CASE-Bench: Context-Aware SafEty Benchmark for Large Language Models
arXiv:2501.14940v4 Announce Type: replace-cross Abstract: Aligning large language models (LLMs) with human values is essential for their safe deployment and widespread adoption. Current LLM safety benchmarks often focus solely on the refusal of individual problematic queries, which overlooks the...
A New Benchmark for Context-Aware Safety
The release of CASE-Bench (Context-Aware SafeEty Benchmark) on arXiv marks a significant shift in how researchers evaluate LLM safety. Unlike existing benchmarks that test a model’s ability to refuse obviously harmful single-turn queries—such as “how to build a bomb”—CASE-Bench introduces contextual awareness into safety evaluation. The core insight is that safety decisions in real-world deployments depend heavily on conversation history, user intent, and situational framing. A query that is dangerous in one context may be benign in another, and current benchmarks largely miss this nuance.
Why This Matters
The limitations of existing safety benchmarks have practical consequences. Models trained to refuse any query containing sensitive keywords often become overly cautious, rejecting legitimate uses like medical advice or educational discussions about historical violence. Conversely, they can be tricked into unsafe responses through multi-turn manipulation—a user might first ask about historical chemical reactions, then gradually steer the conversation toward weaponization. CASE-Bench addresses this by constructing test cases where the same query appears in different contextual frames, measuring whether the model’s refusal behavior adapts appropriately.
This approach mirrors how safety issues actually emerge in production systems. An LLM deployed in a customer support chatbot faces different risk profiles than one used in creative writing. A query like “write a script where a character gets revenge” might be harmless in fiction but problematic in a therapy chatbot. CASE-Bench’s context-aware design forces evaluators to consider these deployment-specific boundaries.

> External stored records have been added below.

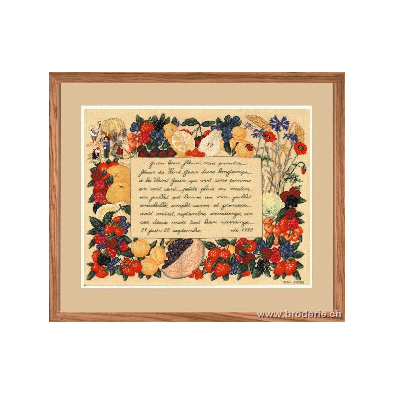 L'article 'Bonheur des Dames, kit proverbes d’été (BD1194)' fait partie de notre assortiment depuis le 9 juillet 2008. La gamme française Bonheur des Dames est très complète et propose de très jolis modèles de kits de point-de croix comptés. Sont très représentés les thèmes de la mer, des mois et saisons,la cuisine et les enfants. Pour l'instant nous avons mis sur le site les kits, mais le Bonheur des Dames propose aussi des accessoires tels que coeur en lin, bottes de Noël en feutrine prêts à être broder, modèles de points de croix. Vous pouvez nous contacter pour ces articles que nous tenons aussi en partie en stock. Fiche technique: kits très bien présentés, souvent avec les accessoires fournis. Mais attention, les kits peuvent avoir différents points et parfois des petits-points (tout le kit -ex BD3646 - ou une partie - ex BD1135), merci d'y prendre garde lors de votre commande.
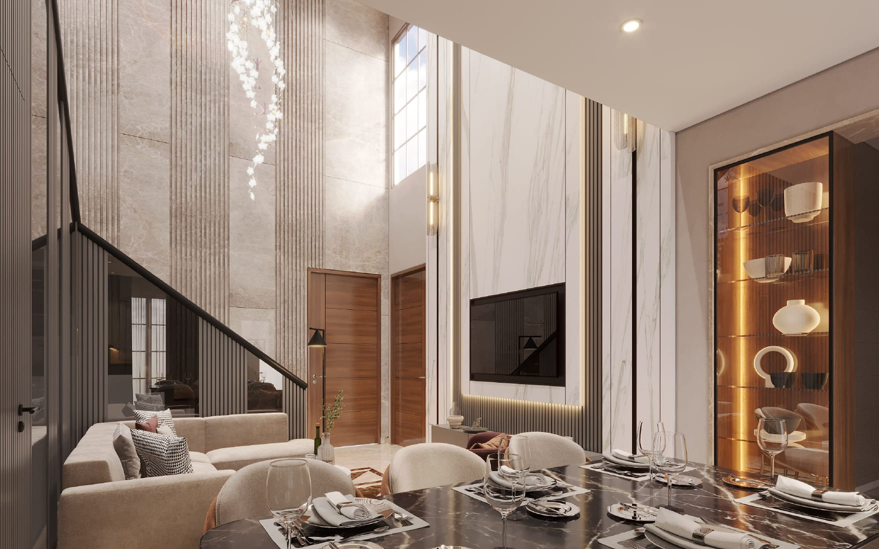 This breathtaking double-height living space redefines luxury with its towering marble-clad feature wall, refined vertical accents, and cascading floral chandelier that draws the eye upward in pure admiration. Warm wooden elements and plush furnishings blend comfort with elegance, while ambient lighting and thoughtful decor infuse sophistication into every corner. A perfect balance of volume and intimacy, this interior is a timeless statement of contemporary design excellence.
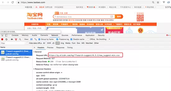 并且我们查看淘宝官网的网络请求中只看到两个 css 外链请求,且该两个外链请求并不是淘宝内部的同域名下的 css 请求,
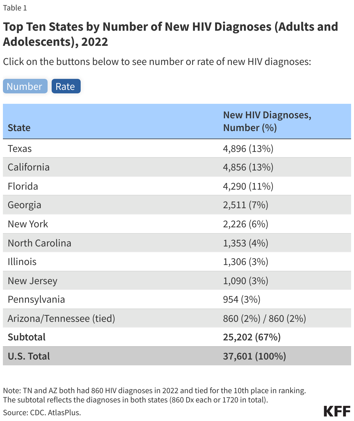 - Although HIV has been reported in all 50 states, the District of Columbia, and U.S. territories, the impact of the epidemic is not uniformly distributed. The top ten states in terms of number of HIV diagnoses are home to 55% of the U.S. population and accounted for about two-thirds (67%) of diagnoses among adults and adolescents in 2022 (Table 1). Regionally, the South saw a disproportionate burden and accounted for over half of HIV diagnoses in 2022.

Implications for AI Practitioners
For developers and safety engineers, CASE-Bench provides a more realistic stress test. Practitioners can now evaluate whether their fine-tuning or RLHF pipelines produce models that understand why a query is unsafe, not just that it contains certain patterns. This is particularly relevant for applications requiring nuanced content moderation, such as educational tools or mental health support systems.
The benchmark also highlights a deeper challenge: context-aware safety requires models to maintain coherent understanding across long conversations. This pushes against current architectural limitations, where attention mechanisms and context windows struggle with extended dialogues. Practitioners may need to invest in better conversation-state tracking and memory management alongside traditional safety training.
However, CASE-Bench is not a silver bullet. It introduces its own biases—the curated contexts may not cover all edge cases, and adversarial users will inevitably find gaps. The benchmark is best used as one component of a broader safety evaluation strategy, not a standalone certification.
Key Takeaways
- CASE-Bench moves beyond single-query refusal testing by evaluating LLM safety across varying conversational contexts, addressing a critical blind spot in current benchmarks.
- Context-aware safety is essential for real-world deployment, where the same query can be either harmful or benign depending on user intent and conversation history.
- AI practitioners should use CASE-Bench to identify over-refusal and under-refusal patterns in their models, but must combine it with domain-specific testing and adversarial evaluation.
- The benchmark underscores the need for models that understand why a response is unsafe, not just when to refuse—a capability that requires advances in reasoning and long-context coherence.